| .. _microkernel_fifos: |
| |
| FIFOs |
| ##### |
| |
| Concepts |
| ******** |
| |
| The microkernel's FIFO object type is an implementation of a traditional |
| first in, first out queue. |
| |
| A FIFO allows tasks to asynchronously send and receive fixed-size data items. |
| Each FIFO has an associated ring buffer for holding data items that have been |
| sent but not yet received. |
| |
| Any number of FIFOs can be defined in a microkernel system. Each FIFO has a |
| name that uniquely identifies it. In addition, a FIFO defines the size of |
| the data items it handles and the maximum number of data items that can be |
| queued in its ring buffer, both of which must be greater than zero. |
| |
| A task sends a data item by specifying a pointer to an area containing the data |
| to be sent; the size of the data area must equal the FIFO's data item size. |
| The data is given directly to a receiving task (if one is waiting) or copied |
| to the FIFO's ring buffer (if space is available). When a FIFO is full |
| the sending task may choose to wait for space to become available. |
| |
| Any number of tasks may wait on a full FIFO simultaneously; when space for |
| a data item becomes available it is given to the highest priority task that |
| has waited the longest. |
| |
| A task receives a data item by specifying a pointer to an area to receive |
| the data; the size of the receiving area must equal the FIFO's data item size. |
| The data is copied from the FIFO's ring buffer (if it contains data items) |
| or taken directly from a sending task (if the FIFO is empty). When a FIFO |
| is empty the task may choose to wait for a data item to become available. |
| |
| Any number of tasks may wait on an empty FIFO simultaneously; when a data item |
| becomes available it is given to the highest priority task that has waited |
| the longest. |
| |
| Purpose |
| ******* |
| |
| Use a FIFO to transfer small data items between tasks in an asynchronous and |
| anonymous manner. |
| |
| .. note:: |
| A FIFO can be used to transfer large data items, if desired. However, |
| it is often preferable to send pointers to large data items to avoid |
| copying the data.
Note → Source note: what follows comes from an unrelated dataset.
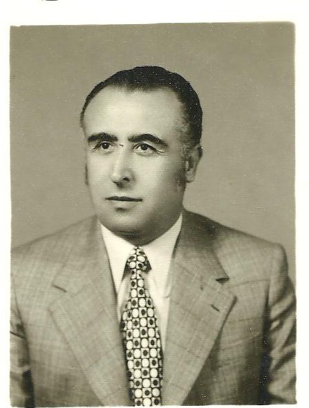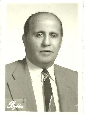 وأمّا عن المرحوم والده فيقول: أنّه من مواليد مدينة جبيل في عام 1921م. درس في مدرسة الأخوة المريميين في جبيل. توظف في مصلحة سكة الحديد عام 1949م. تقريباً ثُمّ إنتقل للعمل بعدها في وزارة الأشغال العامّة عام 1953م. وحتى بلوغه سن التقاعد. وآخر منصب شغله كان رئيس دائرة صيانة أبنية الدولة الرسميّة في محافظة جبل لبنان إلى أن تقاعد عام 1885م. رزقه الله تعالى المهندس قاسم وطبيب الأسنان عاصم الذي توفاه الله تعالى بحادث في عام 1991م. والآنستان منيرة مُعلّمة في المدرسة الرسميّة ومنى وهي موظفة سابقة في «أدكوم» بنك.

The microkernel's memory map and memory pool object |
| types can be helpful for data transfers of this sort. |
| |
| A synchronous transfer can be achieved using the microkernel's mailbox |
| object type. |
| |
| A non-anonymous transfer can be achieved by having the sending task |
| embed its name in the data it sends, where it can be retrieved by |
| the receiving task. However, there is no straightforward way for the |
| sending task to determine the name of the task that received its data. |
| The microkernel's mailbox object type *does* support non-anonymous data |
| transfer. |
| |
| Usage |
| ***** |
| |
| Defining a FIFO |
| =============== |
| |
| The following parameters must be defined: |
| |
| *name* |
| This specifies a unique name for the FIFO. |
| |
| *depth* |
| This specifies the maximum number of data items |
| that can exist at any one time. |
| |
| *width* |
| This specifies the size (in bytes) of each data item. |
| |
| Public FIFO |
| ----------- |
| |
| Define the FIFO in the application's .MDEF file using the following syntax: |
| |
| .. code-block:: console |
| |
| FIFO name depth width |
| |
| For example, the file :file:`projName.mdef` defines a FIFO |
| that holds up to 10 items that are each 12 bytes long as follows: |
| |
| .. code-block:: console |
| |
| % FIFO NAME DEPTH WIDTH |
| % ============================= |
| FIFO SIGNAL_FIFO 10 12 |
| |
| A public FIFO can be referenced by name from any source file that includes |
| the file :file:`zephyr.h`. |
| |
| Private FIFO |
| ------------ |
| |
| Define the FIFO in a source file using the following syntax: |
| |
| .. code-block:: c |
| |
| DEFINE_FIFO(fifo_name, depth, width) |
| |
| For example, the following code defines a private FIFO named ``PRIV_FIFO``. |
| |
| .. code-block:: c |
| |
| DEFINE_FIFO(PRIV_FIFO, 10, 12); |
| |
| To utilize this FIFO from a different source file use the following syntax: |
| |
| .. code-block:: c |
| |
| extern const kfifo_t PRIV_FIFO; |
| |
| Example: Writing to a FIFO |
| ========================== |
| |
| This code uses a FIFO to pass data items from a producing task to |
| one or more consuming tasks. If the FIFO fills up because the consumers |
| can't keep up, throw away all existing data so newer data can be saved. |
| |
| .. code-block:: c |
| |
| void producer_task(void) |
| { |
| struct data_item_t data; |
| |
| while (1) { |
| /* create data item to send (e.g. measurement, timestamp, ...) */ |
| data = ... |
| |
| /* send data to consumers */ |
| while (task_fifo_put(SIGNAL_FIFO, &data, TICKS_NONE) != RC_OK) { |
| /* FIFO is full */ |
| task_fifo_purge(SIGNAL_FIFO); |
| } |
| |
| /* data item was successfully added to FIFO */ |
| } |
| } |
| |
| Example: Reading from a FIFO |
| ============================ |
| |
| This code uses a FIFO to process data items from generated by |
| one or more producing tasks. |
| |
| .. code-block:: c |
| |
| void consumer_task(void) |
| { |
| struct data_item_t data; |
| |
| while (1) { |
| /* get a data item */ |
| task_fifo_get(SIGNAL_FIFO, &data, TICKS_UNLIMITED); |
| |
| /* process data item */ |
| ... |
| } |
| } |
| |
| APIs |
| **** |
| |
| The following APIs for a microkernel FIFO are provided by |
| :file:`microkernel.h`: |
| |
| :c:func:`task_fifo_put()` |
| Writes item to a FIFO, or wait for a specified time period if it is full. |
| |
| :c:func:`task_fifo_get()` |
| Reads item from a FIFO, or wait for a specified time period if it is empty. |
| |
| :c:func:`task_fifo_purge()` |
| Discards all items in a FIFO and unblock any tasks |
| waiting to read or write an item. |
| |
| :c:func:`task_fifo_size_get()` |
| Reads the number of items currently in a FIFO. |